El dirty realism en el cine: Realidad made in América
«La sombra de Hollywood es alargada y los productos indies acaban siendo un modo comercial más del sistema».
La narrativa norteamericana sigue exprimiendo el limón del realismo sucio, al que parece que aún le quedan gotas de suficiente concentración. Los lectores de medio mundo continúan reconociéndose en los relatos de los ya fallecidos Raymond Carver y John Cheever y de los aún en activo Philip Roth (1933- ), Richard Ford (1944- ) y Tobias Wolff (1945- ).
La joven generación de narradores está ahora centrada en la «escombrera familiar»: el divorcio, la infidelidad, la legitimación del sexo sin vínculos, la clase media agonizante de bienestar. La sobrevalorada y, en mi opinión, hueca Libertad de Franzen, es un intento fotográfico más en esta dirección.
Y es que, en el elenco de fascinaciones que literatura y cine ofrecen, está el chequeo a la realidad, la capacidad de atrapar en una página o en una secuencia cosas que suceden «exactamente así», la sutura tenue de la que está hecha la vida. Mostrar en un párrafo o en una toma lo que nos pasa, incluso desconociéndolo, ataca directamente el nervio de nuestra humanidad y por eso conmueve.
En definitiva, conseguir superar la dificultad enorme de narrar lo inenarrable es algo que sólo ocurre a veces y que hace grandes a los grandes. Una o dos secuencias verdaderas bastan para hacer de una película una gran película, unas cuantas páginas son suficientes para endiosar a un escritor.
Raymond Carver (1938-1988), padre del realismo sucio literario, aprendió a ser realista de Chéjov, e hizo de la cotidianidad su mejor herramienta: «Hace unos años leí una carta de Chéjov que me impresionó. Era una especie de consejo: amigo, no tienes por qué escribir sobre héroes que llevan a cabo actos memorables y extraordinarios -en aquella época yo era un estudiante y aún leía obras con princesas, duques y batallas por la corona- pero, al leer aquella carta de Chéjov y sus relatos, empecé a ver las cosas de otra manera».
El creador del cine realista americano: John Cassavetes
Para John Cassavetes (1929-1989) la ficción era realidad, él es el realismo sucio en el cine. Su lucha personal configuró lo que en la actualidad conocemos por cine independiente: la batalla por mantener el control artístico sobre la obra, la voluntad de apartarse de Hollywood y de apostar por la total realidad en un cine más humano, psicológico, emocional.
En una magistral descripción, Peter Falk, su amigo y uno de sus actores fetiche, decía acerca de Cassavetes: “Alguien dijo que el hombre es Dios en ruinas, John veía las ruinas con una claridad que ni usted ni yo podemos soportar”. Y Cassavetes dijo de sí mismo: “Mis filmes son la verdad”, no le faltaba razón.

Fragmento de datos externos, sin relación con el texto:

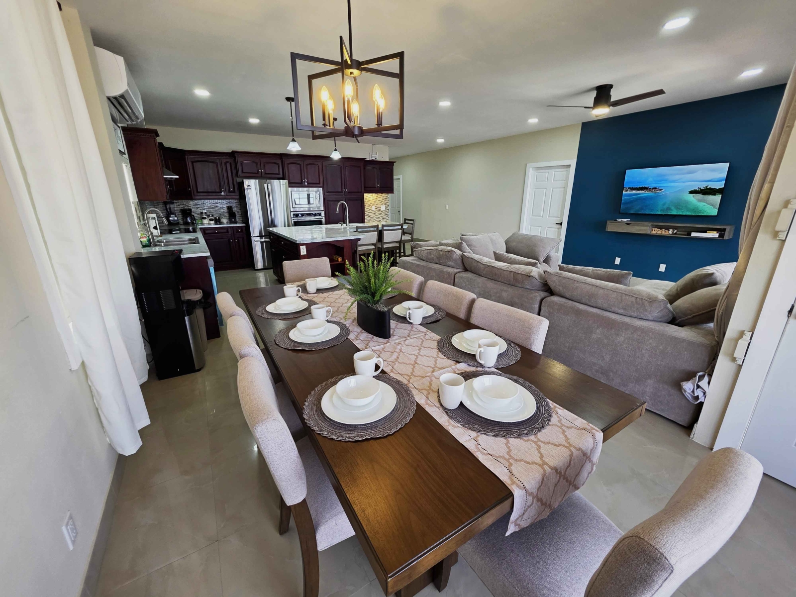 The interior features tasteful modern décor, a spacious living area, and a well equipped kitchen with stainless steel appliances, rich wood cabinetry, and a sleek marble island. The dining area comfortably seats eight, making it perfect for family dining and seating guests.

Sus películas son austeras, sin excesos explicativos, desnudas formalmente; rodadas de forma secuencial transmiten emociones de seres humanos en la sociedad que los ha hecho así. No van contra el sistema, pero exponen sus consecuencias. Cassavetes es Chéjov a la letra: “Nada de efusiones verbales político-económico-sociales. Objetividad de principio a fin. Veracidad y realismo en la descripción de los personajes y de las cosas. Extrema brevedad. Corazón cálido: trabajar simultáneamente bajo un halo de responsabilidad no aliviada y de distracción permanente”.
Una mujer bajo la influencia, probablemente su película más redonda, es un compendio perfecto de todo eso. Este vital anhelo de realidad del iniciador del cine independiente, que también mantienen las letras made in USA, parece sin embargo algo abandonado en el cine estadounidense.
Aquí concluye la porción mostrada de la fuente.